*YOUR ASSIGNMENT:*
Please print exactly the lines from the line containing "Thank you to" through the end of the data, no more, and keep pictures out of the copy.

(Records contained in a dataset)
==================================================

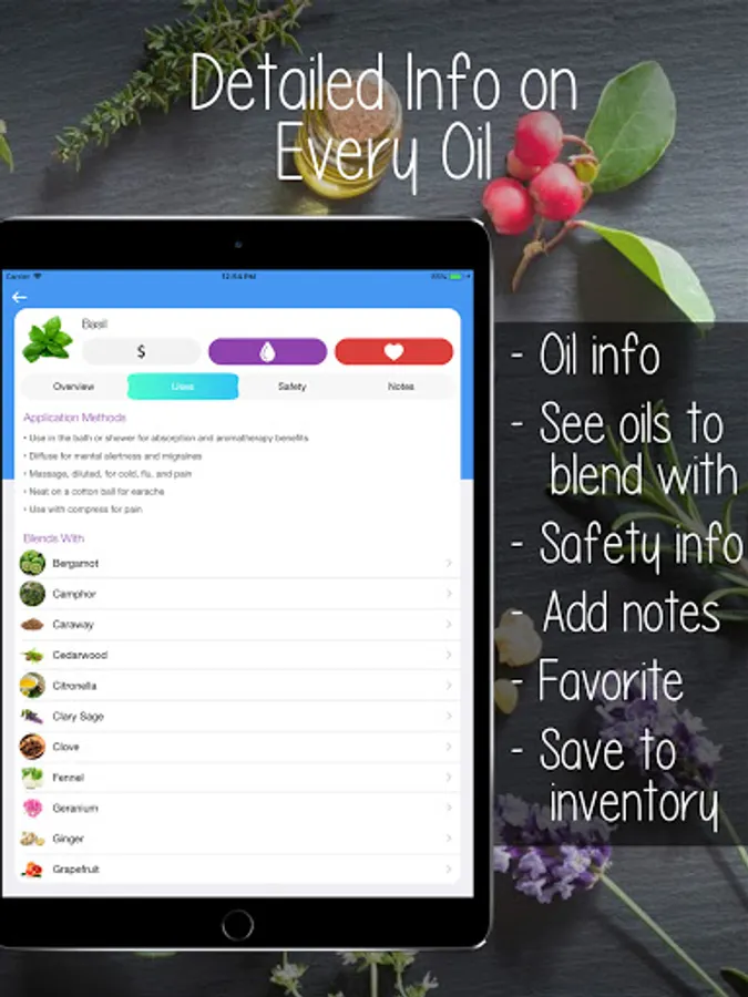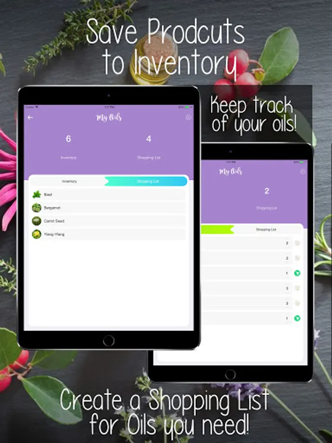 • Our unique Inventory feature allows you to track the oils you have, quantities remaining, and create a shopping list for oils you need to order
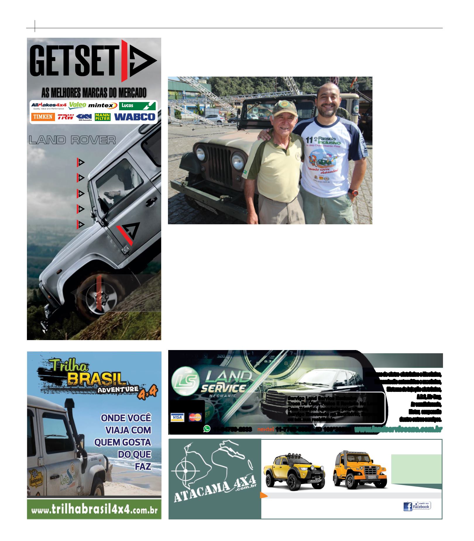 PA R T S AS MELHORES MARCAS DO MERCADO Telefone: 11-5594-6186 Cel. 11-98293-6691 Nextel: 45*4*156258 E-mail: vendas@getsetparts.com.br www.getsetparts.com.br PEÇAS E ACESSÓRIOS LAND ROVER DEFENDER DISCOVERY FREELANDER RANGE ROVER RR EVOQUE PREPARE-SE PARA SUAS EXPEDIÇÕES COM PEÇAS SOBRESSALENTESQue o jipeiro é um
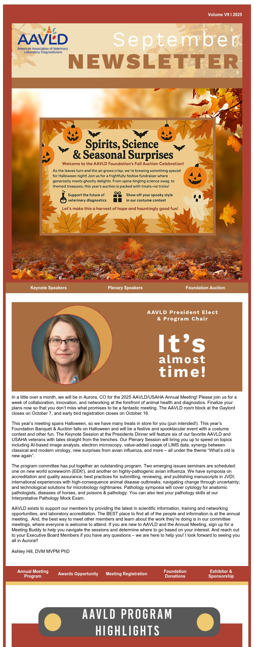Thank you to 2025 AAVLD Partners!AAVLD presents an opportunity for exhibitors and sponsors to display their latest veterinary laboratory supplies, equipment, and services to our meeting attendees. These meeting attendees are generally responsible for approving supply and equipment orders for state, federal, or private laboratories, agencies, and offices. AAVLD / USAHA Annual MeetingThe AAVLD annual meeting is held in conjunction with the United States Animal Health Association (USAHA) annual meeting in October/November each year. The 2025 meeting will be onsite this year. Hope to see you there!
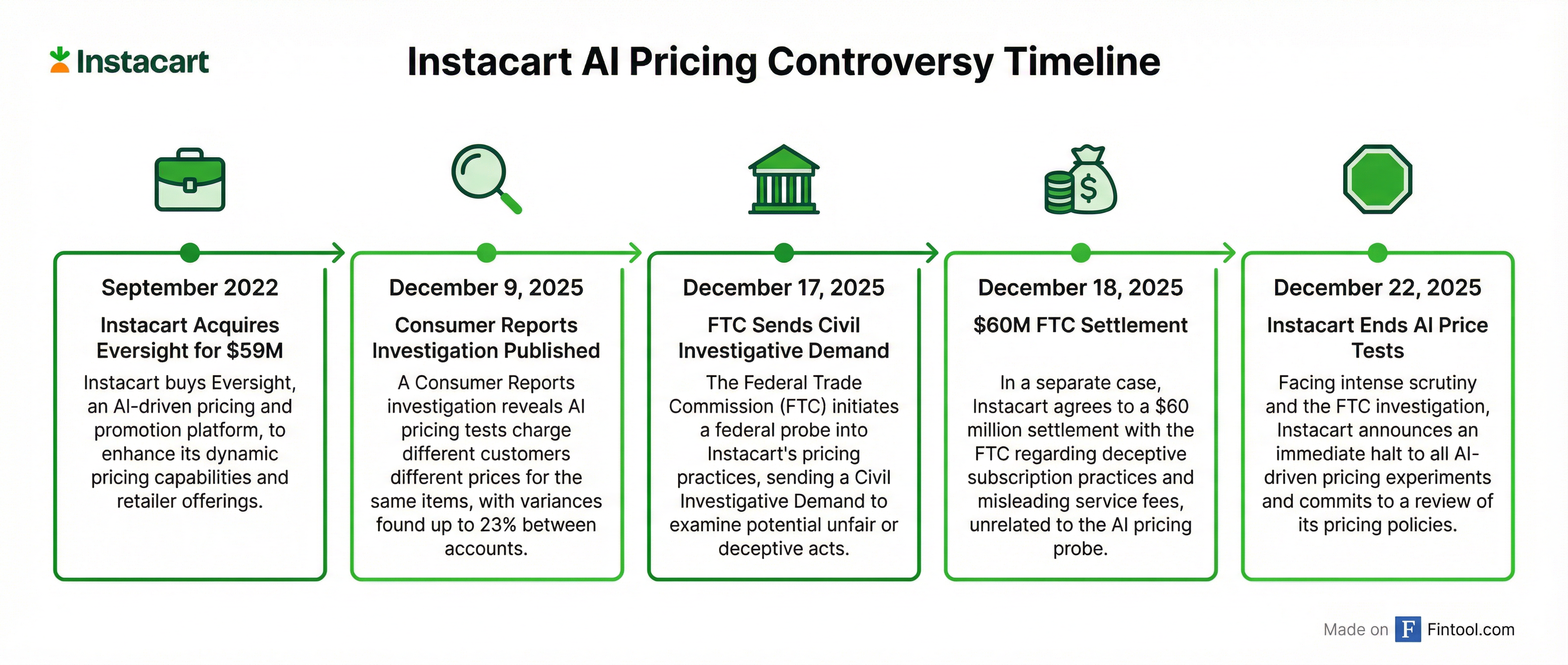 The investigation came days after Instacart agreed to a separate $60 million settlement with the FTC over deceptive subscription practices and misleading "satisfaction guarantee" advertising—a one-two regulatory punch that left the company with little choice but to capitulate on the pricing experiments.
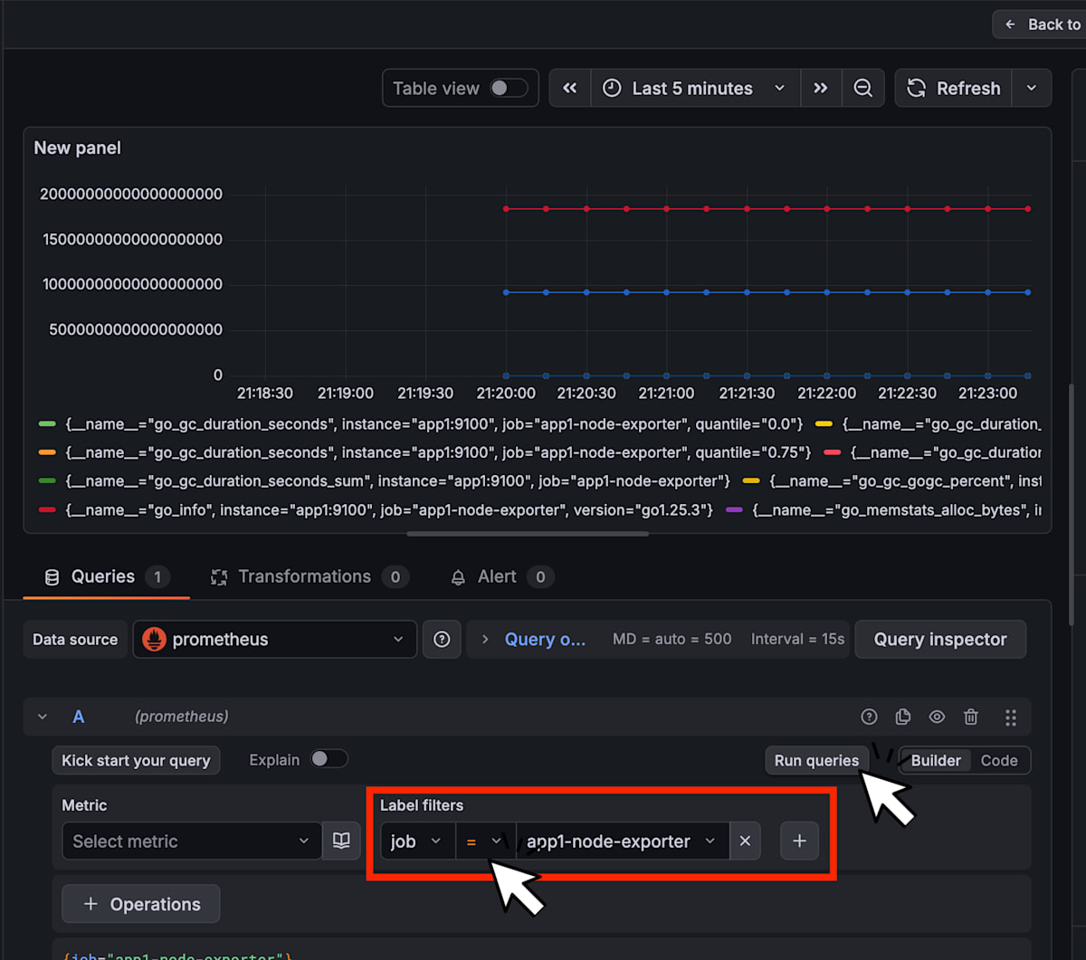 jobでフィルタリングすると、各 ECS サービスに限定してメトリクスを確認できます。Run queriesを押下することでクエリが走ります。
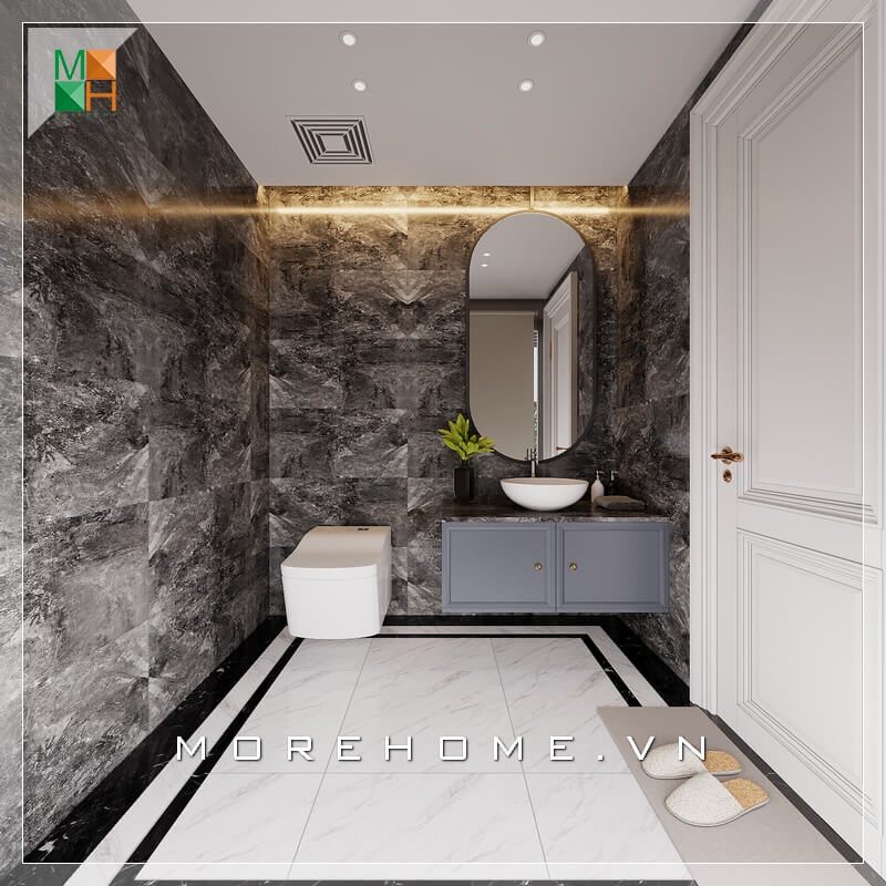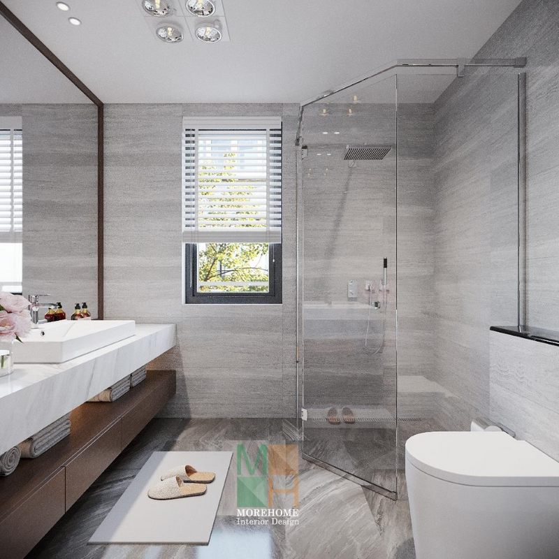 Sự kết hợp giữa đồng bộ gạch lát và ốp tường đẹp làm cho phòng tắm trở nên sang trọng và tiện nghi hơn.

==================================================

*TASK ANSWER:*
Thank you to 2025 AAVLD Partners!AAVLD presents an opportunity for exhibitors and sponsors to display their latest veterinary laboratory supplies, equipment, and services to our meeting attendees. These meeting attendees are generally responsible for approving supply and equipment orders for state, federal, or private laboratories, agencies, and offices. AAVLD / USAHA Annual MeetingThe AAVLD annual meeting is held in conjunction with the United States Animal Health Association (USAHA) annual meeting in October/November each year. The 2025 meeting will be onsite this year. Hope to see you there!
 The investigation came days after Instacart agreed to a separate $60 million settlement with the FTC over deceptive subscription practices and misleading "satisfaction guarantee" advertising—a one-two regulatory punch that left the company with little choice but to capitulate on the pricing experiments.
 jobでフィルタリングすると、各 ECS サービスに限定してメトリクスを確認できます。Run queriesを押下することでクエリが走ります。
 Sự kết hợp giữa đồng bộ gạch lát và ốp tường đẹp làm cho phòng tắm trở nên sang trọng và tiện nghi hơn.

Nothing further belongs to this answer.